As stated in the very interesting blog post on this matter: http://debian-user-news.blogspot.com/2008/06/networkmanager-and-dhcp-issue-work.html , the problem seem to be related to failing dbus communication between network manager and dhclient.

What is needed now for a developer to investigate this further? I'll happily test proposed solutions/work-arounds.

Cheers!

Motin (motin) wrote :
Download full text (6.2 KiB)

@Guillaume (Blog post author): I tried your proposed workaround (adding "|new_server_name|old_server_name" to the dhcdbd exit hook) but unfortunately it didn't change the situation at all for me. I am still getting...:

Jul 16 03:18:44 motin-laptop NetworkManager: <info> dhclient started with pid 7017
Jul 16 03:18:44 motin-laptop NetworkManager: <info> Activation (wlan0) Stage 3 of 5 (IP Configure Start) complete.
Jul 16 03:18:44 motin-laptop dhclient: Internet Systems Consortium DHCP Client V3.0.6
Jul 16 03:18:44 motin-laptop dhclient: Copyright 2004-2007 Internet Systems Consortium.
Jul 16 03:18:44 motin-laptop dhclient: All rights reserved.
Jul 16 03:18:44 motin-laptop dhclient: For info, please visit http://www.isc.org/sw/dhcp/
Jul 16 03:18:44 motin-laptop dhclient:
Jul 16 03:18:44 motin-laptop dhclient: wmaster0: unknown hardware address type 801
Jul 16 03:18:44 motin-laptop dhclient: wmaster0: unknown hardware address type 801
Jul 16 03:18:44 motin-laptop dhclient: Listening on LPF/wlan0/00:1f:3b:bb:dd:bf
Jul 16 03:18:44 motin-laptop dhclient: Sending on LPF/wlan0/00:1f:3b:bb:dd:bf
Jul 16 03:18:44 motin-laptop dhclient: Sending on Socket/fallback
Jul 16 03:18:48 motin-laptop dhclient: DHCPDISCOVER on wlan0 to 255.255.255.255 port 67 interval 6
Jul 16 03:18:48 motin-laptop dhclient: DHCPOFFER of 192.168.1.127 from 192.168.1.1
Jul 16 03:18:48 motin-laptop dhclient: DHCPREQUEST of 192.168.1.127 on wlan0 to 255.255.255.255 port 67
Jul 16 03:18:48 motin-laptop dhclient: DHCPACK of 192.168.1.127 from 192.168.1.1
Jul 16 03:18:48 motin-laptop dhclient: bound to 192.168.1.127 -- renewal in 41230 seconds.
Jul 16 03:19:29 motin-laptop NetworkManager: <info> Device 'wlan0' DHCP transaction took too long (>45s), stopping it.
Jul 16 03:19:29 motin-laptop NetworkManager: <info> wlan0: canceled DHCP transaction, dhclient pid 7017

Do you, or any other around here, know if there is a way to manually send the correct dbus message to network manager?

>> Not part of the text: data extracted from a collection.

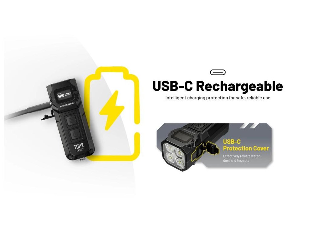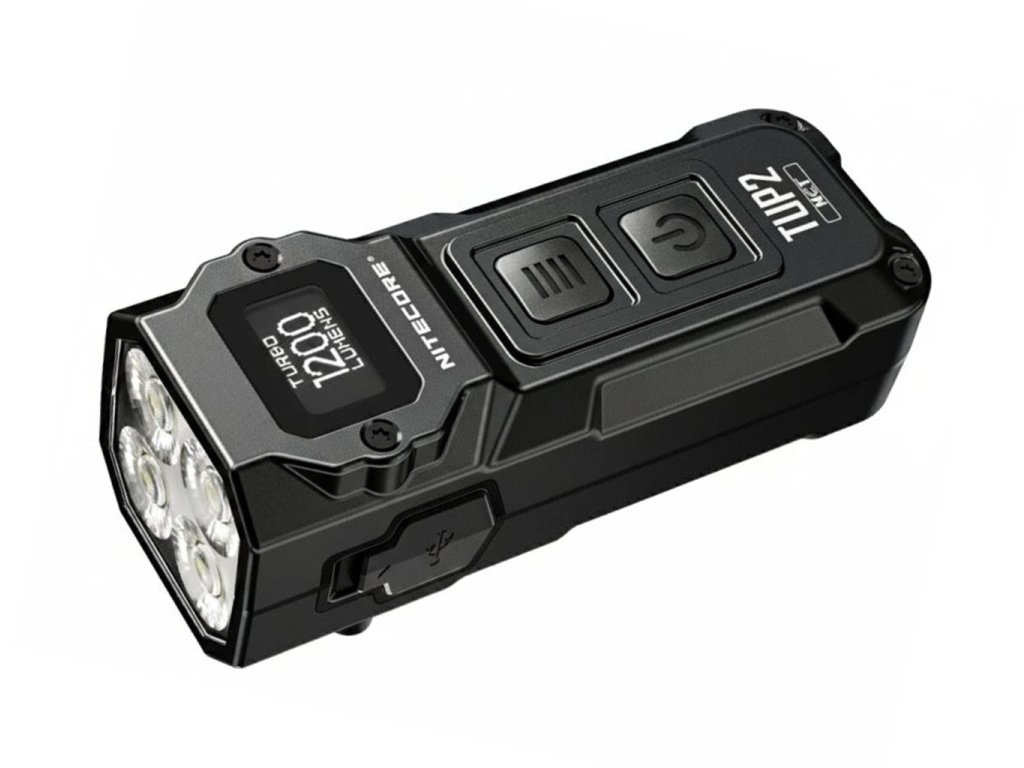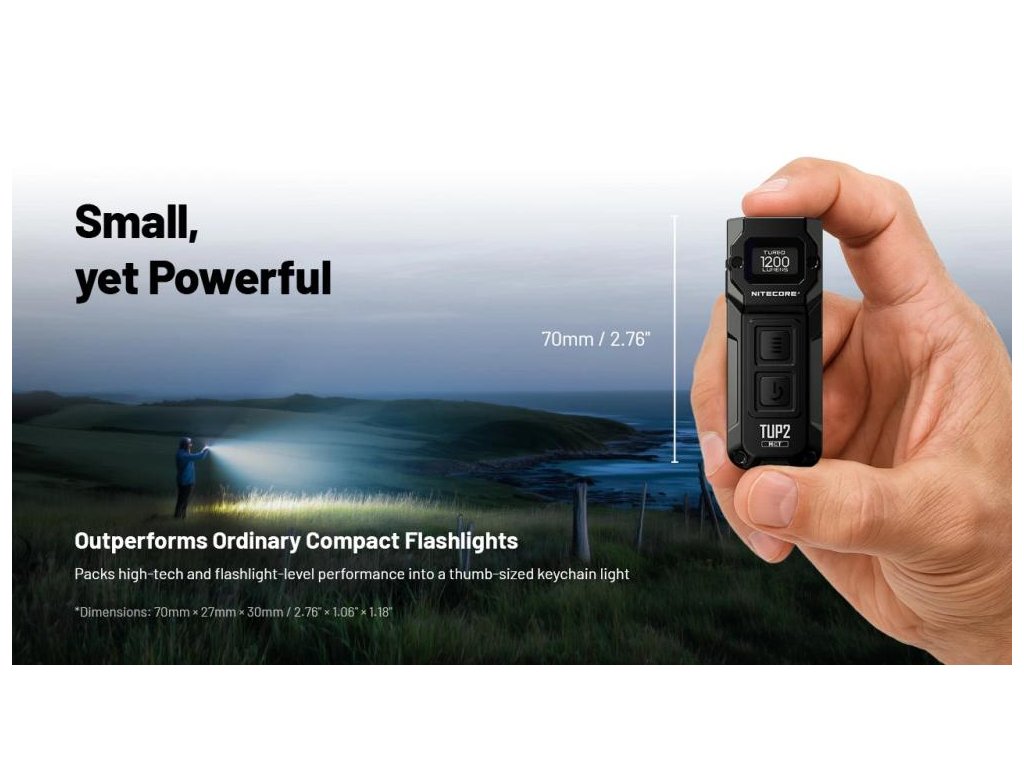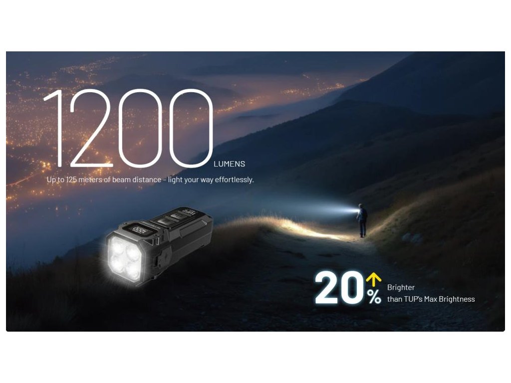 - Kompaktnosť bez kompromisov: 70mm × 27mm a 70g znamená, že TUP2 na kľúčoch nepoznáte, no výkon 1200 lúmenov a dosah 125m konkuruje väčším LED baterkám
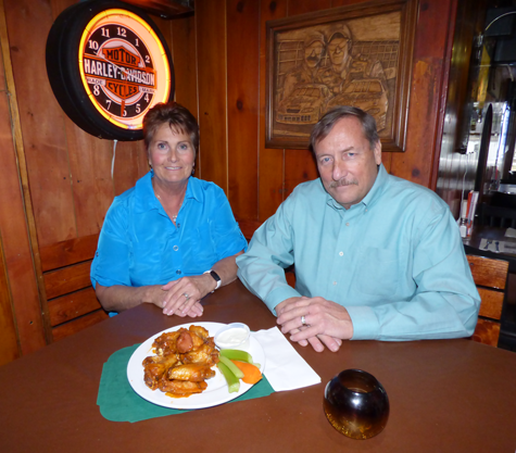 The Isle View Bar & Grill owners Max Nizialek and John Drennan are shown with their award-winning chicken wings.
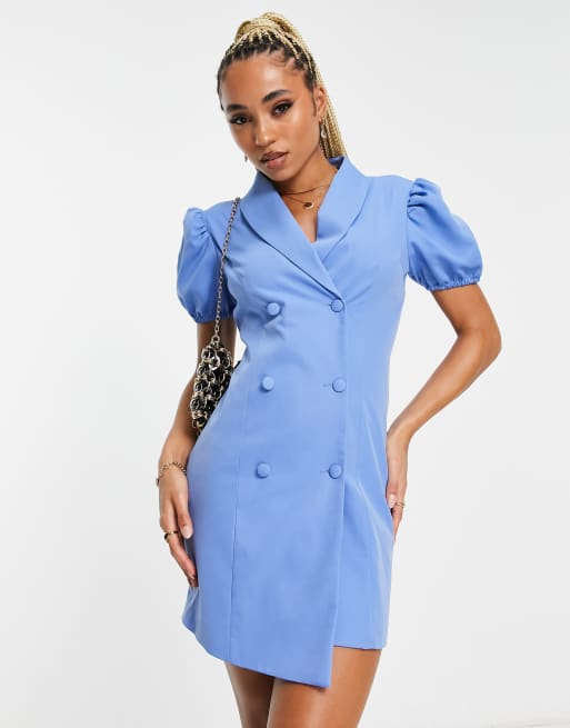 Unique21 back detail puff sleeve blazer dress in cornflower blue
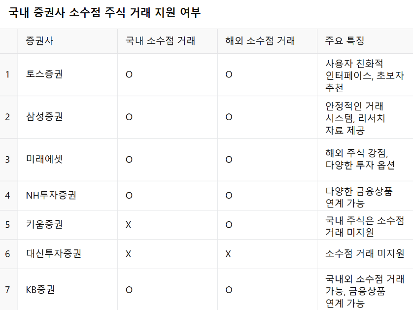 소수점 주식을 지원하는 증권사로는 토스증권, 삼성증권, 미래에셋 등이 있다. 아래 이미지는 주요 증권사의 소수점 거래 지원 여부를 정리한 표다.
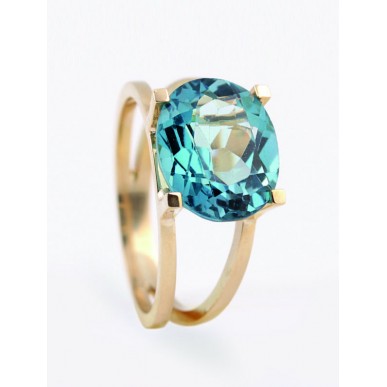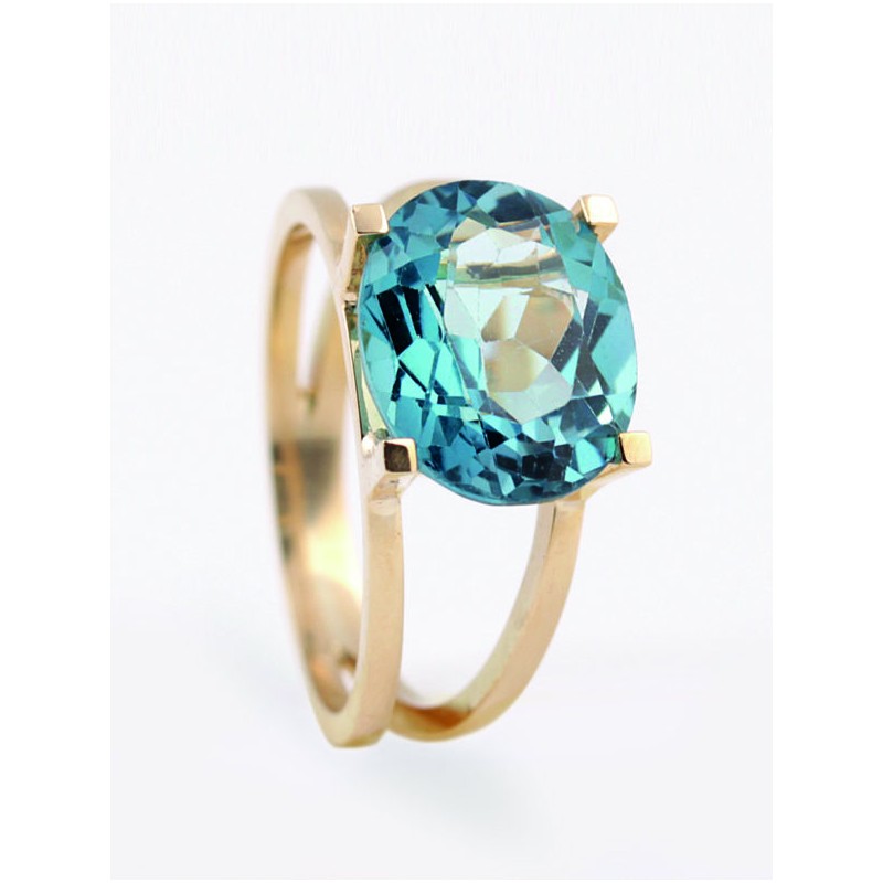 Anillo de oro amarillo 18kt 750mls doble aro plano con topacio azul oval 10×12 mm.
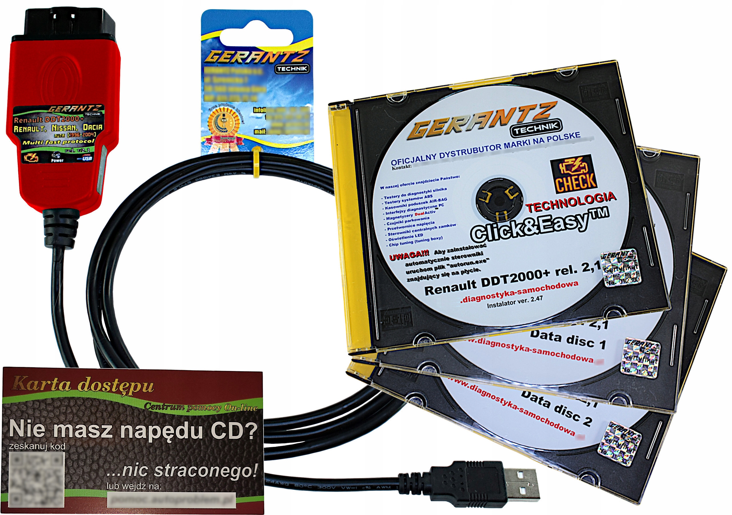 Interfejs diagnostyczny Renault DDT2000+ rel. 2,1 z wtykiem OBD2 do samochodów marki Renault oraz Nissan i Dacia. Interfejs zastępuje urządzenie serwisowe RENAULT CLIP stosowane w autoryzowanych stacjach diagnostycznych samochodów tego koncernu, czyniąc z komputera PC profesjonalne narzędzie diagnostyczne.

This way we can at least inspect the syslog ourselves and send the message when we are connected to the network, instead of having to wait for an inevitable disconnect...

Also, you write "It would be interesting to compare dhcp response messages between dnsmasq and dhcp-server in order to see if dhclient returns readable values in the server_name fields when using the latter.". How do we identify and compare these response messages? Logging? Some sort of debug mode? I'll happily debug further if you can put me on the right track... Thanks!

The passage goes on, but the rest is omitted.